Genetics, Vol. 170, 779-792, June 2005, Copyright © 2005
doi:10.1534/genetics.104.035691
A Genetic Screen for Suppressors of Drosophila NSF2 Neuromuscular Junction Overgrowth
Matthew J. Laviolette*,
Paula Nunes*,
Jean-Baptiste Peyre
,
Toshiro Aigaki and
Bryan A. Stewart*,1
Department of Biology, Tokyo Metropolitan University, Tokyo 192-0397, Japan
* Department of Life Sciences and Zoology, University of Toronto at Scarborough, Toronto, Ontario M1C 1A4, Canada
1 Corresponding author: Department of Life Sciences, University of Toronto at Scarborough, 1265 Military Trail, Toronto, ON M1C 1A4, Canada.
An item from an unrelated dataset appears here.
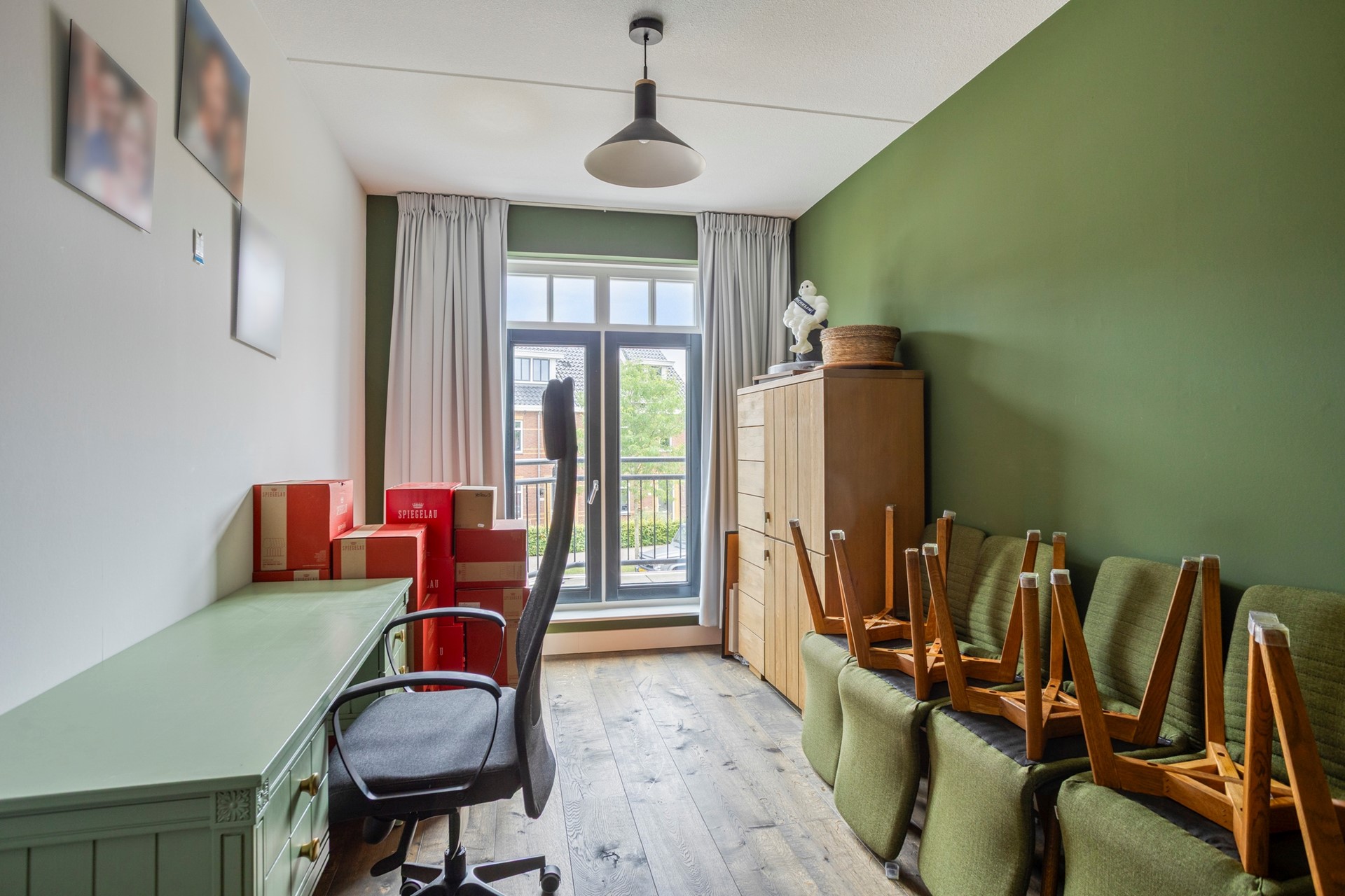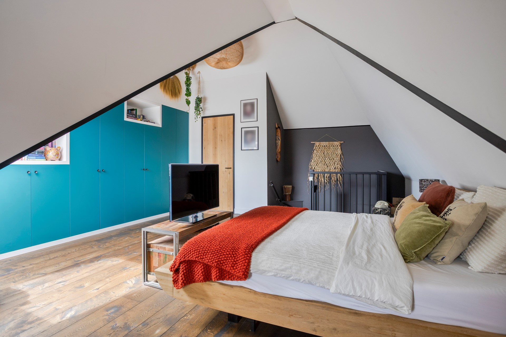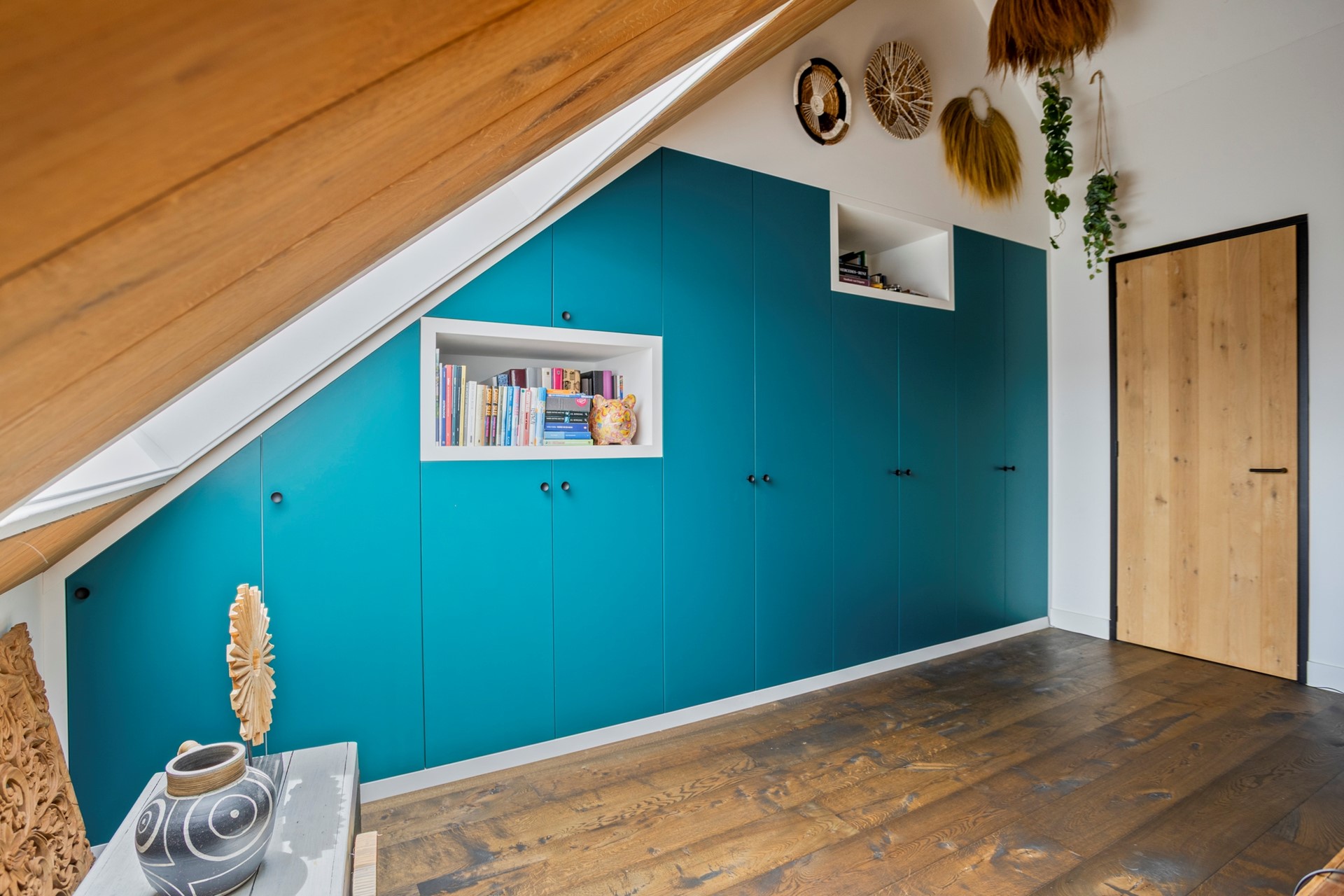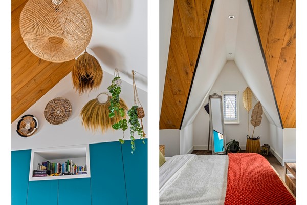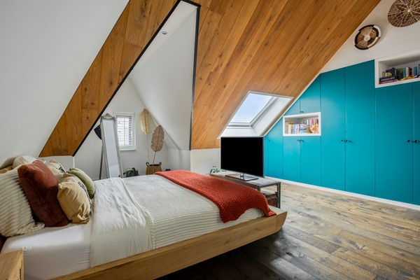 De huidige bewoners hebben hier nu één grote open slaapkamer van gemaakt met een stijlvolle kastenwand. Verder is er een zeer ruime berging/technische ruimte waar een tweede aansluiting voor de wasmachine zit. Ook deze verdieping heeft weer houten vloerdelen.
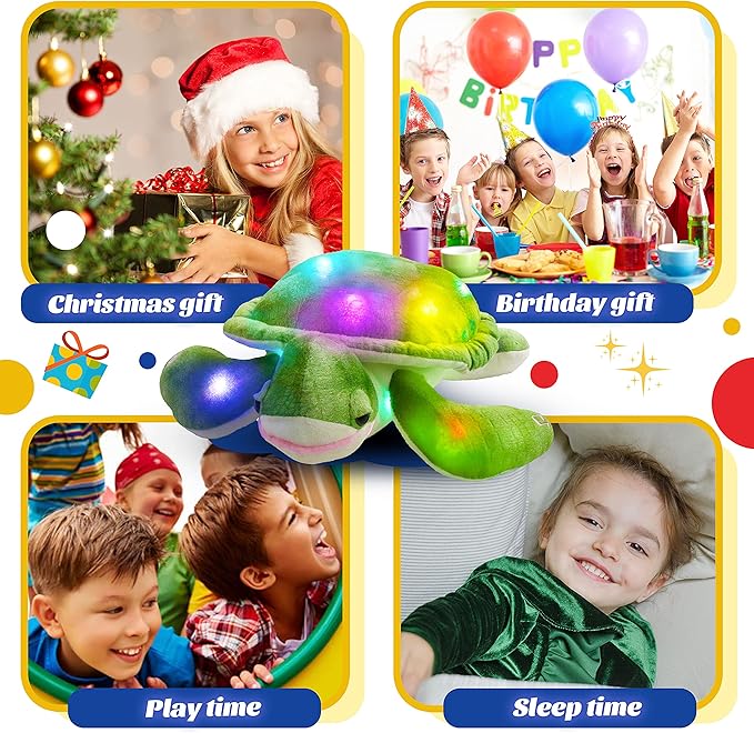 • Adorable Turtle Design โ€“ This adorable plush toy features a green turtle design. The colorful light-up tortoise makes a great playmate for both day and night. It's a great gift for children and loved ones for Christmas, Children's Day, Valentine's Day, birthdays, or any other special occasion.

E-mail: stewart{at}utsc.utoronto.ca
The Drosophila larval neuromuscular system serves as a valuable model for studying the genes required for synaptic development and function. N-Ethylmaleimide sensitive factor (NSF) is a molecule known to be important in vesicular trafficking but neural expression of a dominant negative form of NSF2 induces an unexpected overgrowth of the Drosophila larval neuromuscular synapse. We have taken a genetic approach to understanding this novel phenotype by conducting a gain-of-function modifier screen to isolate genes that interact with the overgrowth phenotype. Our approach was to directly visualize the neuromuscular junction (NMJ) using a GFP transgene and screen for suppressors of NMJ overgrowth using the Gene Search collection of P-element insertions. Of the 3000 lines screened, we identified 99 lines that can partially restore the normal phenotype. Analysis of the GS element insertion sites by inverse PCR and comparison of the flanking DNA sequence to the Drosophila genome sequence revealed nearby genes for all but 10 of the 99 lines. The recovered genes, both known and predicted, include transcription factors, cytoskeletal elements, components of the ubiquitin pathway, and several signaling molecules. This collection of genes that suppress the NSF2 neuromuscular junction overgrowth phenotype is a valuable resource in our efforts to further understand the role of NSF at the synapse.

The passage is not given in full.